**Task to carry out**
What you return must match the records word for word, except that images are dropped.

**Material supplied**
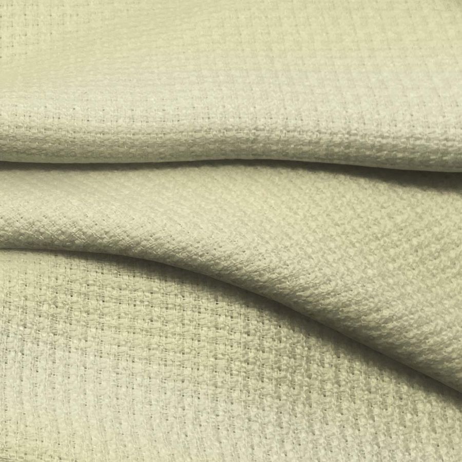La tela base Tweed Chanel, compuesta al 100% de poliéster con un gramaje de 420 gr/m2 y un ancho de 150 cm está impresa con un color liso de tonalidad crudo-pergamino. El color secundario de este tejido es un vibrante amarillo con tonos mostaza, que se combina perfectamente con tonos grises y marrones. Cabe destacar que este tejido está impreso con el color liso a una sola cara por impresión digital textil, lo que significa que no es un tejido tintado sino impreso únicamente en una de sus caras.
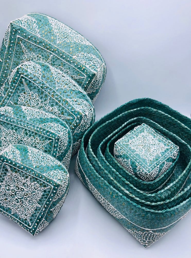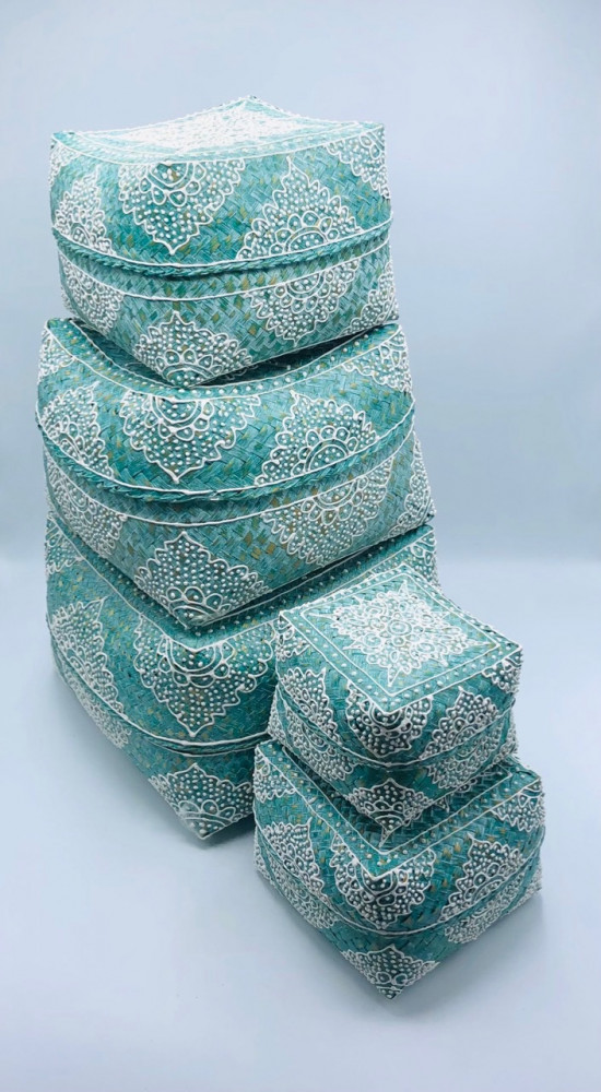 طقم مكون من 5 صناديق بداخل بعضها مع غطاء لكل صندوق مرسومه باليد (25سم، 20سم, 16سم، 13سم، 10سم)
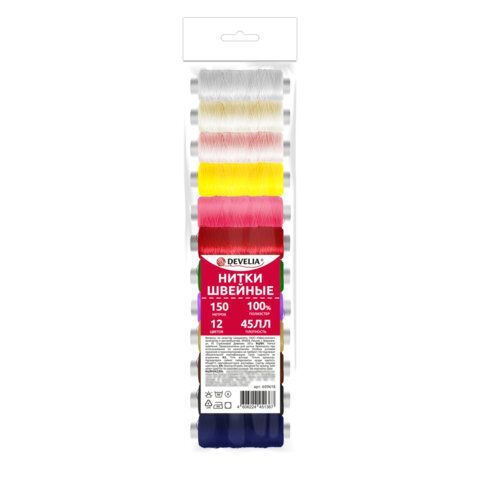 Нитки швейные 45ЛЛ 150 м, полиэстер, НАБОР 12 цветов, DEVELIA (Девелиа), 609618
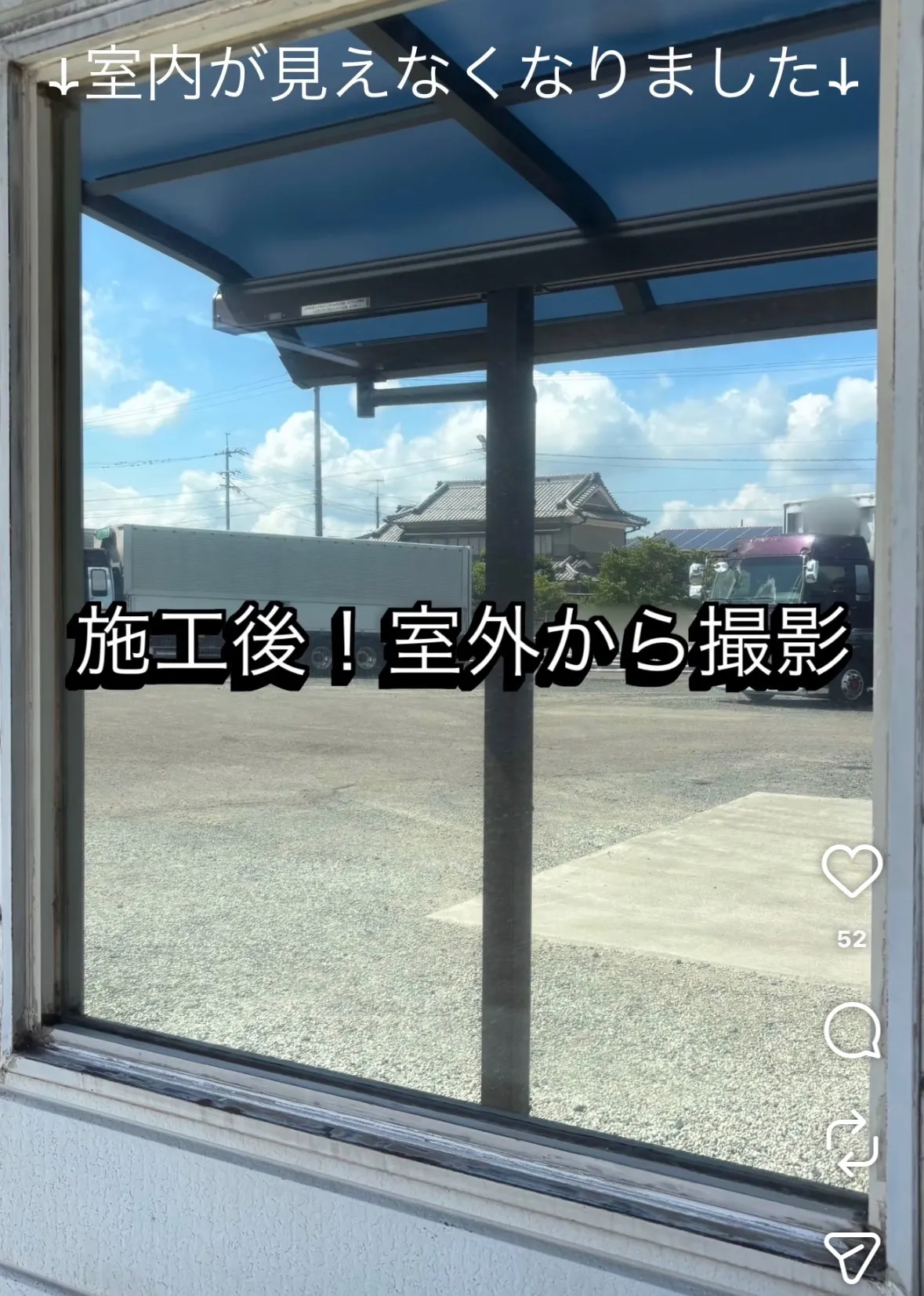 施工前は室内のエアコンや備品がはっきりと見えていましたが、施工後は鏡のようなミラー効果により、外からは室内の様子がほとんど見えなくなりました❣️
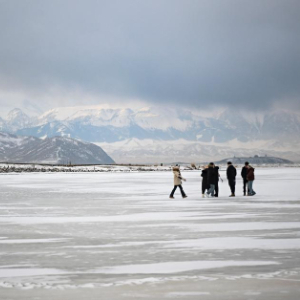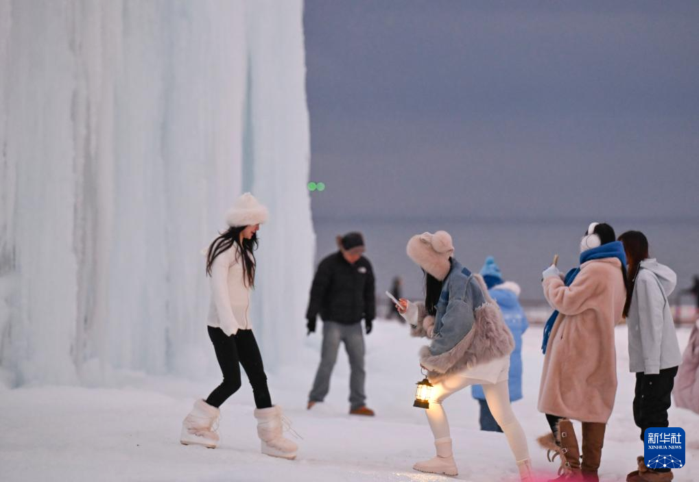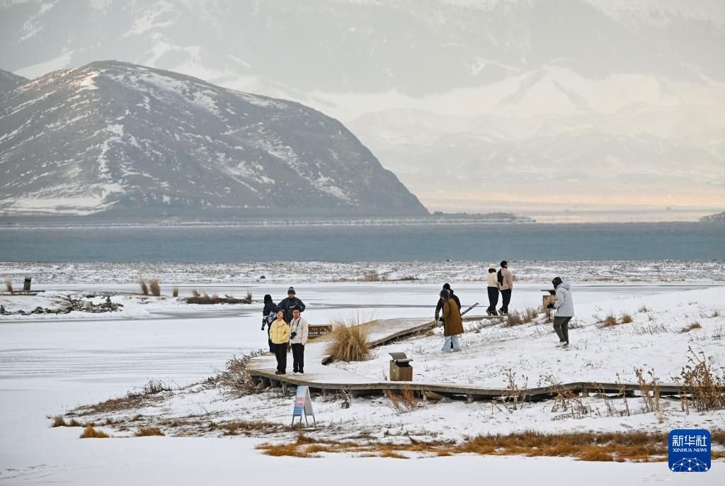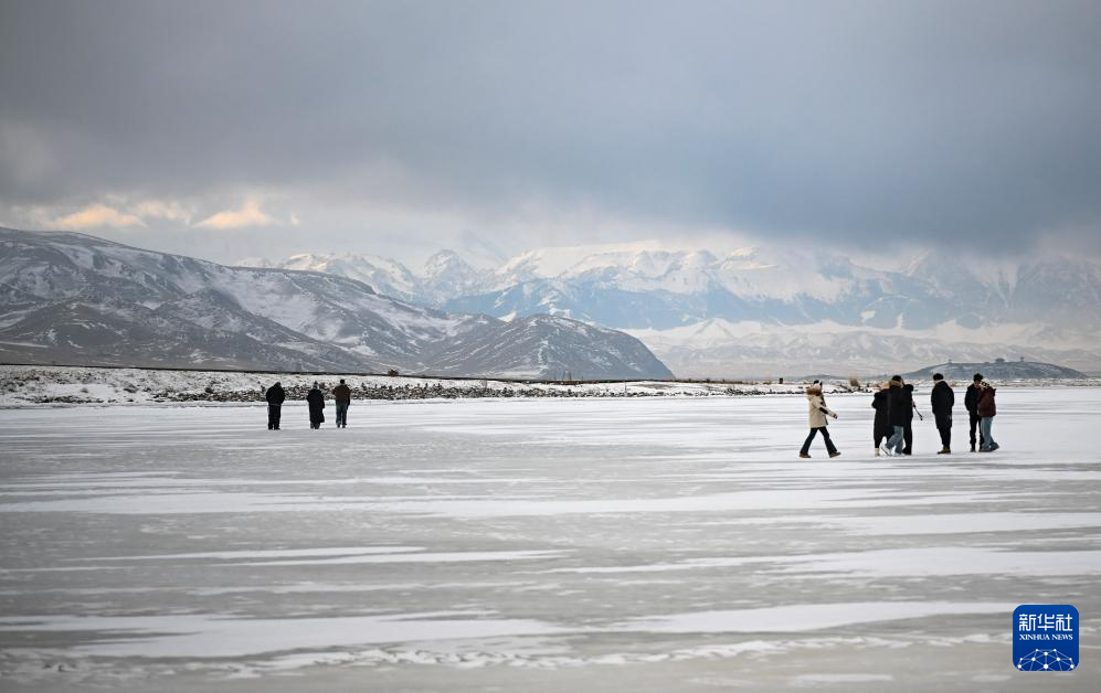 游客在赛里木湖的冰面上游玩(12月16日摄)。

**Reply to the task**
La tela base Tweed Chanel, compuesta al 100% de poliéster con un gramaje de 420 gr/m2 y un ancho de 150 cm está impresa con un color liso de tonalidad crudo-pergamino. El color secundario de este tejido es un vibrante amarillo con tonos mostaza, que se combina perfectamente con tonos grises y marrones. Cabe destacar que este tejido está impreso con el color liso a una sola cara por impresión digital textil, lo que significa que no es un tejido tintado sino impreso únicamente en una de sus caras.
 طقم مكون من 5 صناديق بداخل بعضها مع غطاء لكل صندوق مرسومه باليد (25سم، 20سم, 16سم، 13سم، 10سم)
 Нитки швейные 45ЛЛ 150 м, полиэстер, НАБОР 12 цветов, DEVELIA (Девелиа), 609618
 施工前は室内のエアコンや備品がはっきりと見えていましたが、施工後は鏡のようなミラー効果により、外からは室内の様子がほとんど見えなくなりました❣️
 游客在赛里木湖的冰面上游玩(12月16日摄)。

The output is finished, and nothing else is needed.